Candidate matrix according to text-recognition stage gained is:
East 34 cards, 34 bundles 35
Capital 47 is cooked 64 64
Outstanding 35 In-particular, 48 arts 58
Its 35 dustpan 51 calculates 54
Capital 52 is cooked 58 65
Outstanding 43 In-particular, 52 arts 59
Be 29 fixed 42 foots 43
Electricity 35 hails 37 secondary rainbows 37
Logical 39 suitable 48 is near by 53
Family 52 table tennis 61 Yin 67
55 liter of 58 row 74 of jin
43 about 63 hooks 63
Order 32 months 48 times 60
Mark 35 stupefied 41 43
Wherein, each candidate right side is its similarity scoring, and the numerical value little person's similarity degree of healing is higher.Utilize dividing processing, can be with above-mentioned candidate matrix expansion, wherein
43 about 63 hooks 63
→ white 43
Spoon 0
Mark 35 stupefied 41 43
→ wood 35
Ticket 0
Utilize to merge and handle then:
Capital 47 is cooked 64 64
Outstanding 35 In-particular, 48 arts 58
With regard to 97
Capital 52 is cooked 58 65
Outstanding 43 In-particular, 52 arts 59
With regard to 110
Family 52 table tennis 61 Yin 67
55 liter of 58 row 74 of jin
Institute 122
TOP V through word string combination scoring gained in the original candidate matrix is in regular turn:
1[2132] Tokyo especially the capital be the target of the logical family of electricity jin especially
2[2127] Tokyo especially the capital be the target of the logical family of electricity jin especially
3[2123] Tokyo especially the capital be the target of the logical family of secondary rainbow jin especially
4[2121] Tokyo especially the capital be the target of the logical family of electricity jin especially
5[2120] Tokyo especially the ancestor be the target of the logical family of electricity jin especially
Wherein the best result person is numbering 1 (scoring is 2132).As for scoring, enumerate following numerical example now via the new word string combination of expansion candidate matrix gained:
A[2105] Tokyo especially the capital be the logical family of electricity jin white peony root target especially
B[2099] Tokyo especially the capital be the order wood ticket of the logical family of electricity jin especially
C[2113] east is the target of the logical family of electricity jin especially with regard to its capital
D[2143] Tokyo especially is exactly the target of the logical family of electricity jin
E[2160] Tokyo especially be exactly electricity logical target
Numbering A general " " → " white peony root ", scoring descends; B is with " mark " → " wooden ticket " for numbering, and scoring descends; C is with first " capital is outstanding " → " just " for numbering, and scoring reduces; D is with second " capital is outstanding " → " just " for numbering, and scoring is risen; E person is with second " capital is outstanding " → " just " and " family jin " → " institute " for numbering, and scoring is not only risen, and be best result (2160), so word string makes up and be correct output result, cuts character error simultaneously and also corrects automatically.
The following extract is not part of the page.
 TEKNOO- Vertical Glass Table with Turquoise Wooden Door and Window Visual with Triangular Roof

Fig. 3 cuts the automatic more calcspar of equipment of character error.Vertical/horizontal character coupling or uncoupling means 80 utilizes suitable processings of cutting apart or merges with the candidate matrix of input, produces the expansion candidate matrix of correspondence, marks and selects wherein soprano via language model scoring apparatus 82, as the aftertreatment result.Wherein vertical/horizontal character coupling or uncoupling means 80 and language model scoring apparatus 82 can be implemented by computer program.
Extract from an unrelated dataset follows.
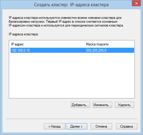 7.В окне «Создать кластер: IP-адрес кластера» укажите IP-адрес кластера, который будет использоваться всеми узлами в кластере, и нажмите на кнопку Далее:

Though the present invention discloses as above with concrete implementation column; but it is not in order to qualification the present invention, any those skilled in the art, without departing from the spirit and scope of the present invention; can do a little modification and retouching, so protection scope of the present invention should be as the criterion with the qualification person of accompanying Claim institute.